In its human rights project as a broader foreign policy agenda-advancing tool and eventually coercing its adversaries to bring them to their heels, the U.S. has always mobilized its long-enjoyed control and advancing mechanism over the global system and institutions.
Firstly, the U.S. has exploited human rights, in most cases clinically and selectively, against its rivals by unilaterally exercising its overwhelming influence over the global political and economic system which is fundamentally flawed and has leaned in favor of the West since its inception after World War II.
Rampant imposition of extraterritorial jurisdiction of its domestic law, weaponization of international economic interdependence, and politicization of global public goods are some of the enforcement tools being brazenly wielded against its adversaries.
In this project, weaponizing human rights discourse to its geopolitical interests, the U.S. has always got other Western nations by its side, who consistently function as "member states of a single empire on foreign policy." The diplomatic boycott of the Beijing 2022 Winter Olympics by some of those empire agents and futile attempt to maneuver the event into a demonization campaign against China bears truth to that proposition.
Children perform with Bing Dwen Dwen, mascot of the Beijing 2022 Winter Olympics, during a rehearsal of the Games' opening ceremony at the National Stadium in Beijing, capital of China, January 22, 2022. /Xinhua
Children perform with Bing Dwen Dwen, mascot of the Beijing 2022 Winter Olympics, during a rehearsal of the Games' opening ceremony at the National Stadium in Beijing, capital of China, January 22, 2022. /Xinhua
Secondly, the international human rights organizations, due to their dependent roles with their principal donors in Europe, the U.S., and Japan, have long been accused of being complicit in the weaponization of human rights discourse.
While the West, chiefly the U.S., works as the hub of the global "human rights industrial complex" and manufacturing machine in making up human rights allegations against its adversaries, organizations like Amnesty International and Human Rights Watch very often play the role in fabricating broader consent to the allegations.
Those Western-funded organizations have been accused of selectively taking up issues to feed the foreign policy agenda of Western governments and of staying mum on issues that could contradict the West's stated agenda.
Such brazen selectivism on the part of those organizations was demonstrated when, in April 2019, the U.S. revoked visas for the members of the International Criminal Court because of attempting to investigate U.S. troops for their possible war crimes in Afghanistan.
Thirdly, at its extreme, military intervention in the name of protecting or promoting human rights is another frequently used agenda-advancing tool. Now wars are often called "humanitarian interventions." Human rights discourse was used to justify wars from Nicaragua to Syria and from Iraq to Libya, eventually leaving humans massacred and their rights shattered.
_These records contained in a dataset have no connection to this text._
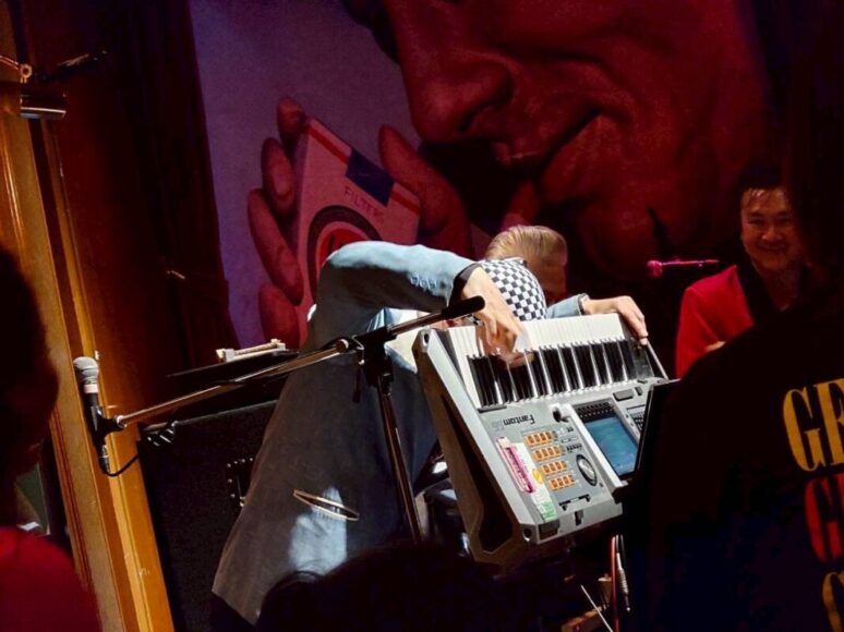 こーんなパフォーマンスもしちゃいます!なのです。流石の大活躍キーボーディスト、さっきー、なのです!!
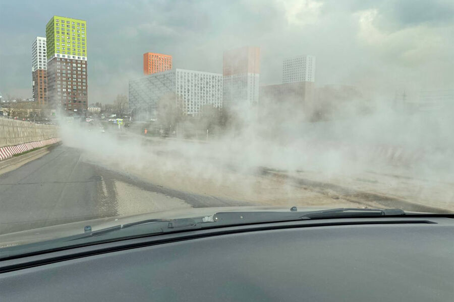 В Новой Москве проезжая часть залита горячей водой, от которой в воздух поднимаются клубы пара. Видео от жителей ЖК «Татьянин Парк» появилось в открытом чате в Telegram.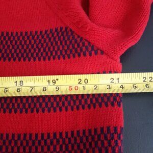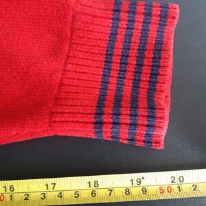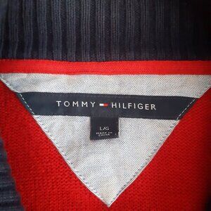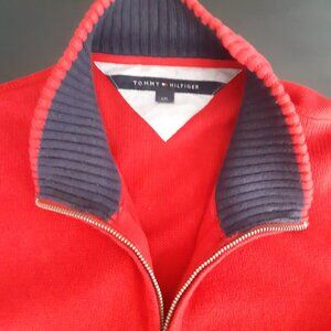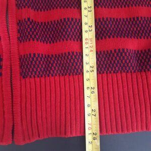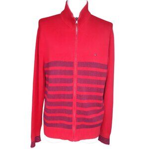 Tommy Hilfiger SZ L Red Full Zip Cotton Mock Turtleneck Cardigan w/ Navy Stripes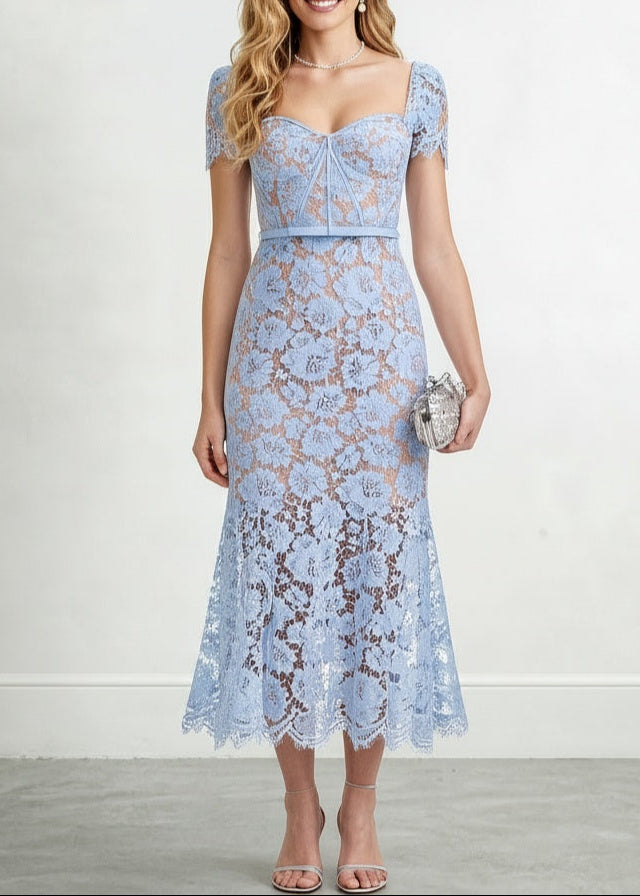The Tara Midi is an elegant blue lace dress designed for special occasions. Its delicate lace fabric offers a refined texture, while the midi length provides a sophisticated silhouette suitable for formal events. This dress combines timeless style with subtle detailing, making it a standout choice for those seeking polished and graceful occasion wear.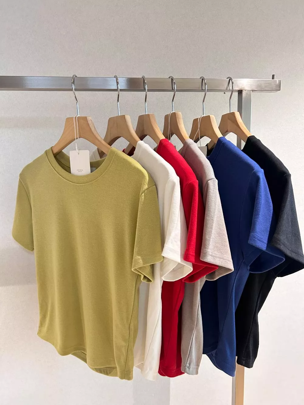這款短 T 採用了細膩的雷縈(Rayon)混紡材質,比起一般的棉質面料,手感更加柔軟Q彈。輕盈的材質能自然貼合身形,卻不會有束縛感,讓修身版型也能穿出自在的空間感。

In the not so distant past, the "Xinjiang narrative" has been related to violent separatism and terrorism in the Western discourse. But over the recent past, the issue has gradually been rerouted to the allegation of so-called crimes against humanity or genocide against China's Xinjiang, particularly during Trump's administration when anti-China was put into full gear. One could easily discern that the more its geopolitical hostility against China has increased, the harder allegations of so-called human rights violations in Xinjiang have been campaigned on.
The U.S. is in an all-out strategic competition with China, being waged on multiple fronts to contain China. In such a full-fledged cold-war-like geo-strategic competition, as was seen in one against the Soviet Union, one of the many containment frontiers the U.S. has long been habituated to wage against its adversaries is to demonize them by hurling allegations of human rights violations – sometimes even by manufacturing a far-from-near-truth.